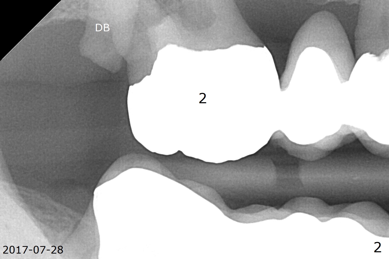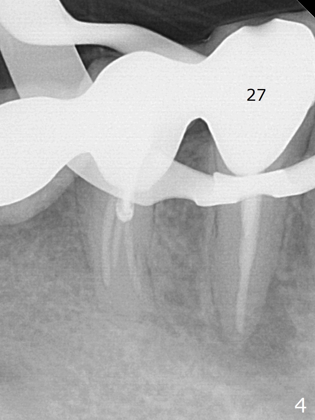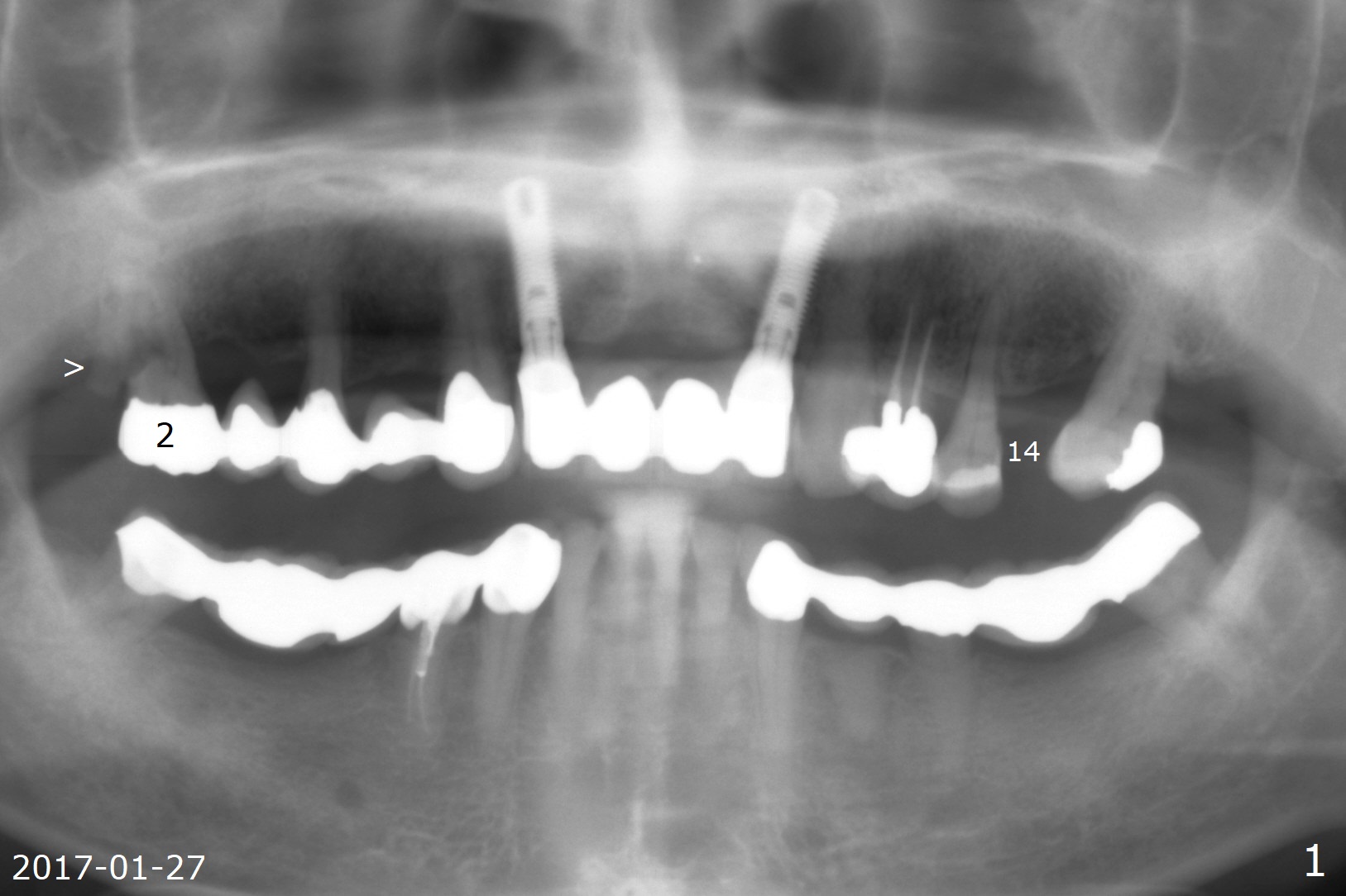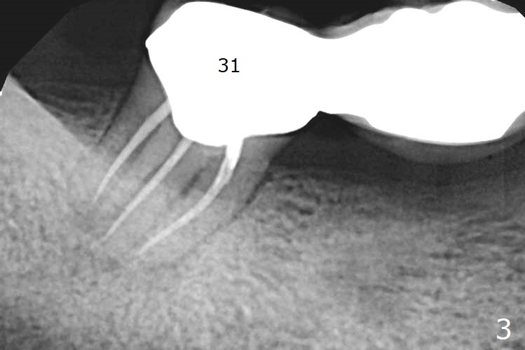 A 66-year-old man has asymptomatic distobuccal (DB) root fracture for ~ 3 years (Fig.1 (>) 2). After #14 implant with limited (M) ortho and 27 and 31 RCT (Fig.3,4), he agrees to have #2 and 3 implants. The tooth #2 has palatal fistula and is tender. Take preop photos. CT should reveal extensive bone loss. Use PRF/sticky bone or GEM21S (if venopuncture is hard) for repair. Save bone from #3 osteotomy for #2 bone graft. Use a special suction with trap after granulation tissue removal.
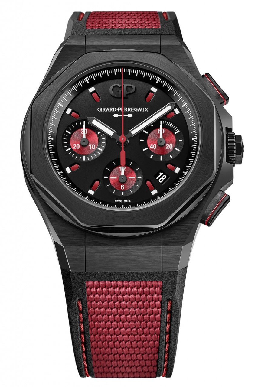 Новая лимитированная модель Laureato Absolute Passion (Ref. 81060-21-692-FH6A) от швейцарской часовой компании Girard-Perregaux имеет круглый корпус, изготовленный из титана с черным PVD-покрытием, диаметром 44,00 мм, толщиной 14,65 мм, водонепроницаемый до 300 метров. На торце завинчивающейся защищенной рифленой заводной головки, расположенной на 3 часах, выгравирован логотип бренда Girard-Perregaux. Пушеры хронографа размещены на 2 и 4 часах. Фиксированный восьмиугольный безель. Сапфировое стекло с антибликовым покрытием защищает циферблат матово-черного цвета, выполненный в стиле сэндвич, с вырезанными часовыми маркерами с красной подложкой и с белыми люминесцентными индексами, а также с часовой и минутной стрелками, покрытыми люминесцентным составом белого цвета.
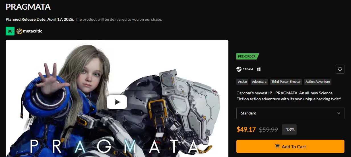 Yeni çıkan oyunlarda genellikle bu kadar erken indirim yapılmaz. Çoğu durumda, oyuncular herhangi bir fiyat indirimi görmeden önce haftalar hatta aylar beklemek zorunda kalır. Ancak burada durum böyle değil. Fanatical'da Pragmata %18 indirimle 59,99$ olan fiyatını 49,17$'a düşürmüş durumda.
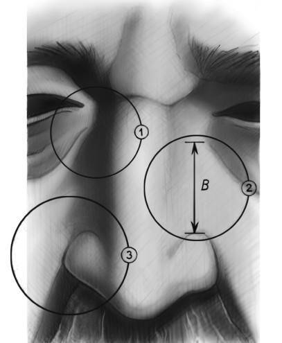 Укорочение боковых сторон носа (расстояние В) приводит к тому, что центральная спинка носа начинает выглядеть длиннее, клюющей вниз (рис. 42).

* PROBLEM TO WORK ON:
What you write must match, line for line, the lines from the one with "Yeni çıkan oyunlarda" through the last line of the data above, minus the pictures.

* TASK RESPONSE:
 Yeni çıkan oyunlarda genellikle bu kadar erken indirim yapılmaz. Çoğu durumda, oyuncular herhangi bir fiyat indirimi görmeden önce haftalar hatta aylar beklemek zorunda kalır. Ancak burada durum böyle değil. Fanatical'da Pragmata %18 indirimle 59,99$ olan fiyatını 49,17$'a düşürmüş durumda.
 Укорочение боковых сторон носа (расстояние В) приводит к тому, что центральная спинка носа начинает выглядеть длиннее, клюющей вниз (рис. 42).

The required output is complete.